[Opening Data provided section]
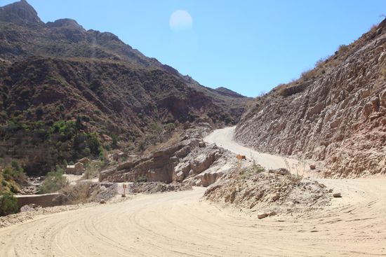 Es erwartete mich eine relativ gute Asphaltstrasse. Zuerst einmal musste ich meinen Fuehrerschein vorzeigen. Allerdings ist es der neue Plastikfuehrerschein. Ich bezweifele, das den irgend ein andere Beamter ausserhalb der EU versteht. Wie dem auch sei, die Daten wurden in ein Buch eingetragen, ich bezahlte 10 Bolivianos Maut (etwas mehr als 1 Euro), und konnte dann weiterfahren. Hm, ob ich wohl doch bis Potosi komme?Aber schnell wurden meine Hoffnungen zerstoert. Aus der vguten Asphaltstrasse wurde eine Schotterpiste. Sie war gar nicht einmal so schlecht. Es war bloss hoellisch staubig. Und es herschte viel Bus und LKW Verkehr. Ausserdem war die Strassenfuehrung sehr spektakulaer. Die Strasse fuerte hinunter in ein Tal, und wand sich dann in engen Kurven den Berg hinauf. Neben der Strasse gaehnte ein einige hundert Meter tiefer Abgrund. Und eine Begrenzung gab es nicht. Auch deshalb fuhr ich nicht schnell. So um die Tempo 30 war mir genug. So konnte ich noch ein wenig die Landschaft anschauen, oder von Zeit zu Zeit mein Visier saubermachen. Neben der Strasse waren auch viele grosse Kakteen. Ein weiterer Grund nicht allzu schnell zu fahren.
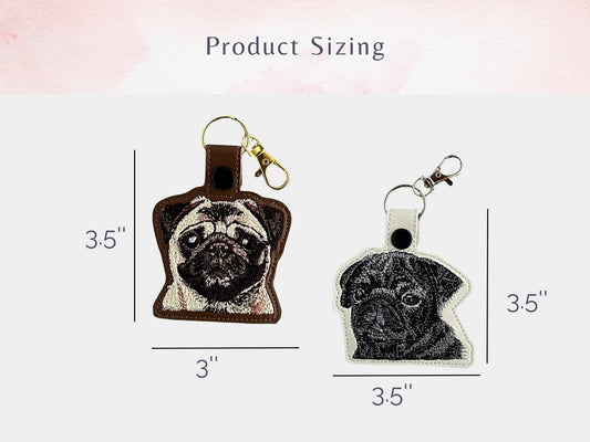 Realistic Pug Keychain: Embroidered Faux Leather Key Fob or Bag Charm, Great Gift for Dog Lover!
[Closing Data provided section]
[Opening Data provided section]
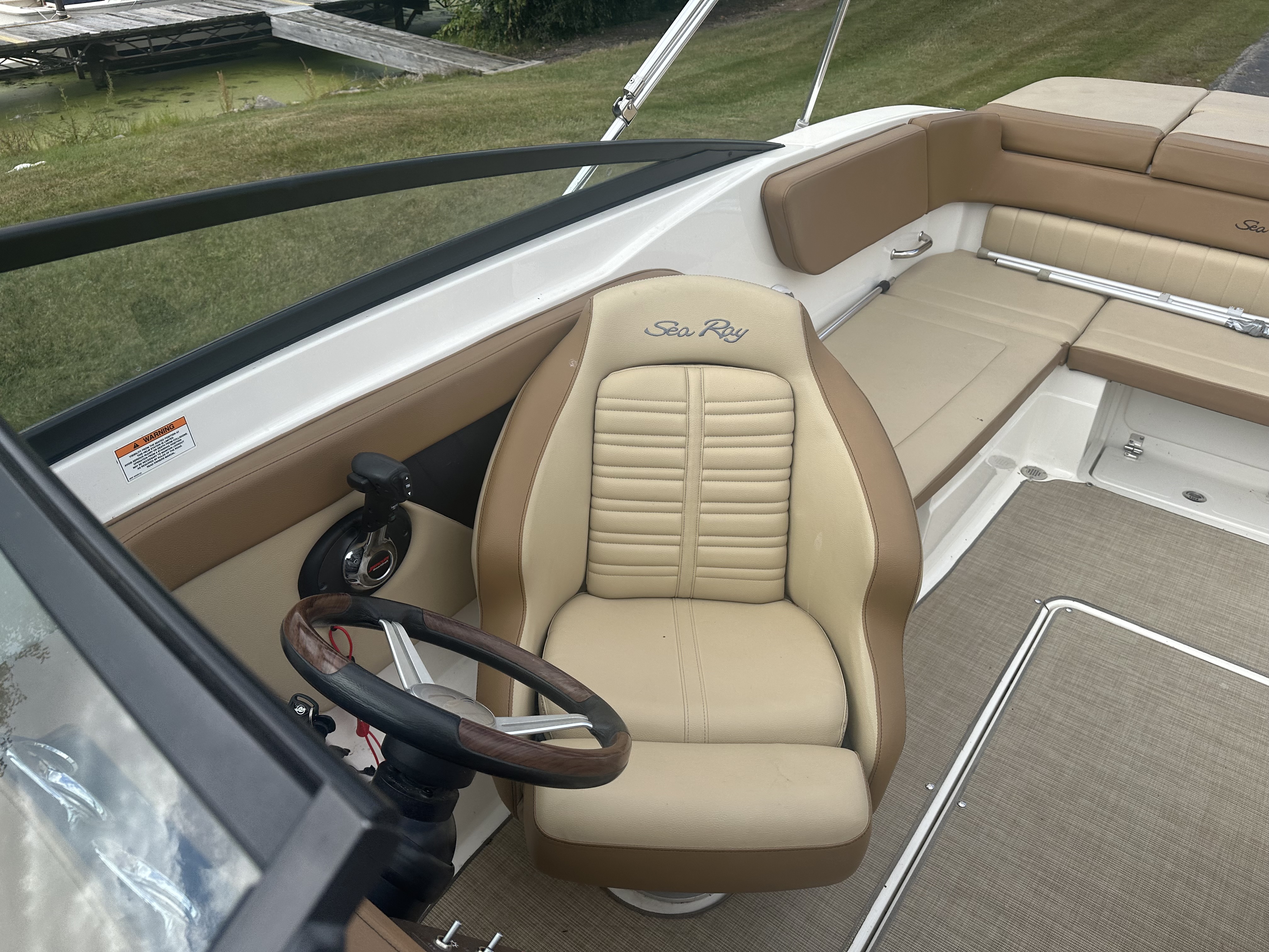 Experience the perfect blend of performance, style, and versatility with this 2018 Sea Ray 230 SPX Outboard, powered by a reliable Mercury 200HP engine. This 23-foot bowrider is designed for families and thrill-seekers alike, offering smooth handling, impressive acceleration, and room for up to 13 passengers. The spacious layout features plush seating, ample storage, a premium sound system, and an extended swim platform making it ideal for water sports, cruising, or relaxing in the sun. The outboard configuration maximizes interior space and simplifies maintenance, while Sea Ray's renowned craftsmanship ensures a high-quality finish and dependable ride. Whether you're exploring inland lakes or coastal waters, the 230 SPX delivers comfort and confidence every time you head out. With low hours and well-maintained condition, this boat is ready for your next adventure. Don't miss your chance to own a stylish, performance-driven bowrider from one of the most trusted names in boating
[Closing Data provided section]
* _What this task involves_
Copy word for word the span of the records above that begins at the line with "Es erwartete mich" and ends at the line with "Realistic Pug Keychain: Embroidered", including those two lines but not the pictures.

* _Solution to this problem_
 Es erwartete mich eine relativ gute Asphaltstrasse. Zuerst einmal musste ich meinen Fuehrerschein vorzeigen. Allerdings ist es der neue Plastikfuehrerschein. Ich bezweifele, das den irgend ein andere Beamter ausserhalb der EU versteht. Wie dem auch sei, die Daten wurden in ein Buch eingetragen, ich bezahlte 10 Bolivianos Maut (etwas mehr als 1 Euro), und konnte dann weiterfahren. Hm, ob ich wohl doch bis Potosi komme?Aber schnell wurden meine Hoffnungen zerstoert. Aus der vguten Asphaltstrasse wurde eine Schotterpiste. Sie war gar nicht einmal so schlecht. Es war bloss hoellisch staubig. Und es herschte viel Bus und LKW Verkehr. Ausserdem war die Strassenfuehrung sehr spektakulaer. Die Strasse fuerte hinunter in ein Tal, und wand sich dann in engen Kurven den Berg hinauf. Neben der Strasse gaehnte ein einige hundert Meter tiefer Abgrund. Und eine Begrenzung gab es nicht. Auch deshalb fuhr ich nicht schnell. So um die Tempo 30 war mir genug. So konnte ich noch ein wenig die Landschaft anschauen, oder von Zeit zu Zeit mein Visier saubermachen. Neben der Strasse waren auch viele grosse Kakteen. Ein weiterer Grund nicht allzu schnell zu fahren.
 Realistic Pug Keychain: Embroidered Faux Leather Key Fob or Bag Charm, Great Gift for Dog Lover!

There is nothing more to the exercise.